If we standardise the number of R questions by the number of python questions, we see that the number of R questions is increasing more rapidly than python. Currently, about 1 question about R is asked for every three questions asked about python.
Github repos
Again we see exponential growth in both repos containing R code and repos containing python code (these number don't include forks), but R repo's are relatively less common than R questions. The big jump in repo creation in 2014 is probably due the JHU coursera course.
If we standardise the number of R repos by the number of python repos, we see that R has been decreasing since the big jump in 2015.
Google trends
Looking at google trends data for people searching for language tutorials, both languages are relatively flat. Growth in searches for R tutorials is relatively flat, perhaps with a slight increases, while growth for python searches has been considerably more variable over time.
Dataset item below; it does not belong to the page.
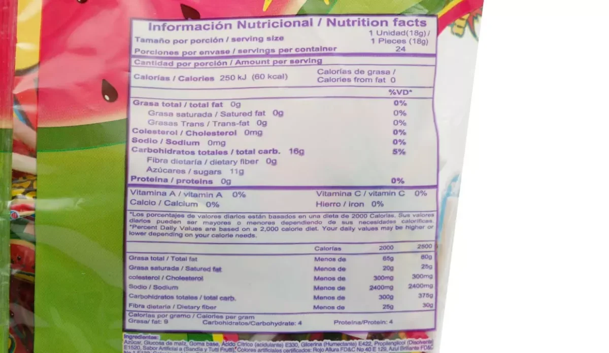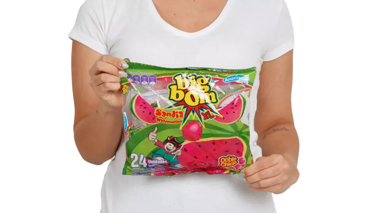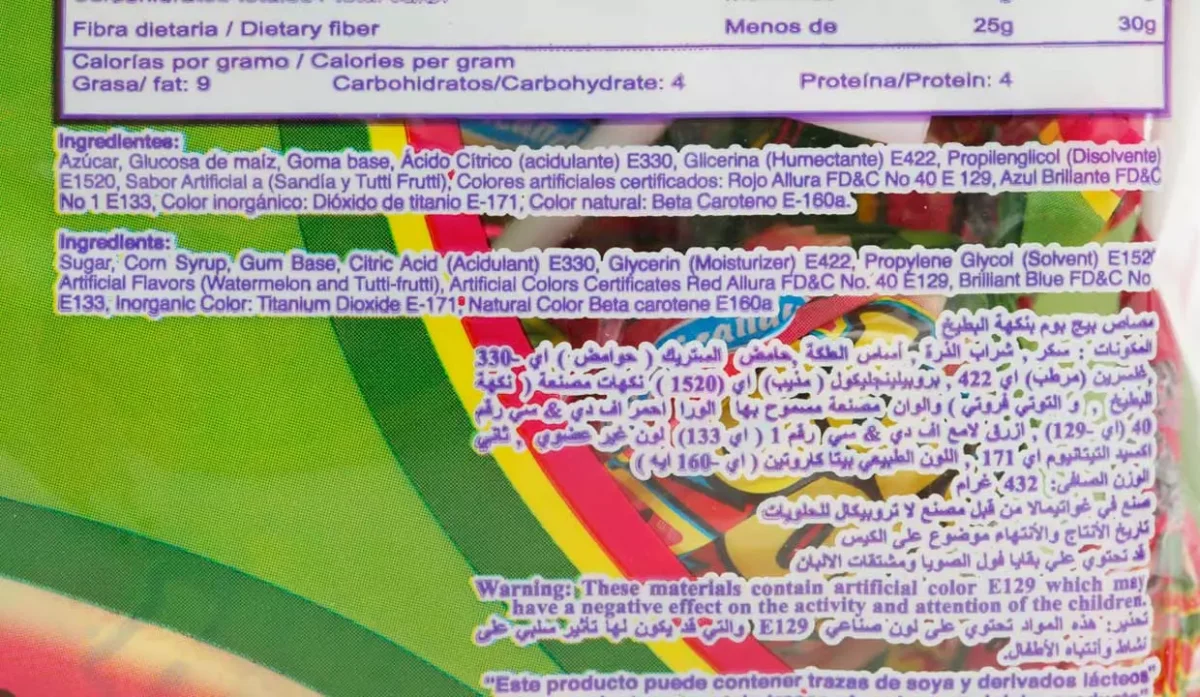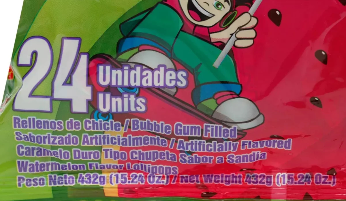 | Ingredientes | Azúcar, glucosa de maíz, goma base, ácido cítrico, glicerina, propilenglicol, sabro artificial sandía, colores artificiales certificados |

Some Python Data (but not much)
This is the data of monthly downloads made available from the Python PyPi Package Index. The plot shows the growth in several data analysis packages for Python. Somethig happens in March, 2013 when the growth explodes.
Other ideas
- Look at use of mailing lists. Is there a pydata specific mailing list?
- Compare twitter hashtags: rstats, python, pydata?
- Compare package downloads?
- Number of Kaggle solution scripts written in R versus Python.
- Number of Machine Learning courses on MOOC sites that use R versus Python.
- Compare attendees at big R versus big Python data conferences year-over-year.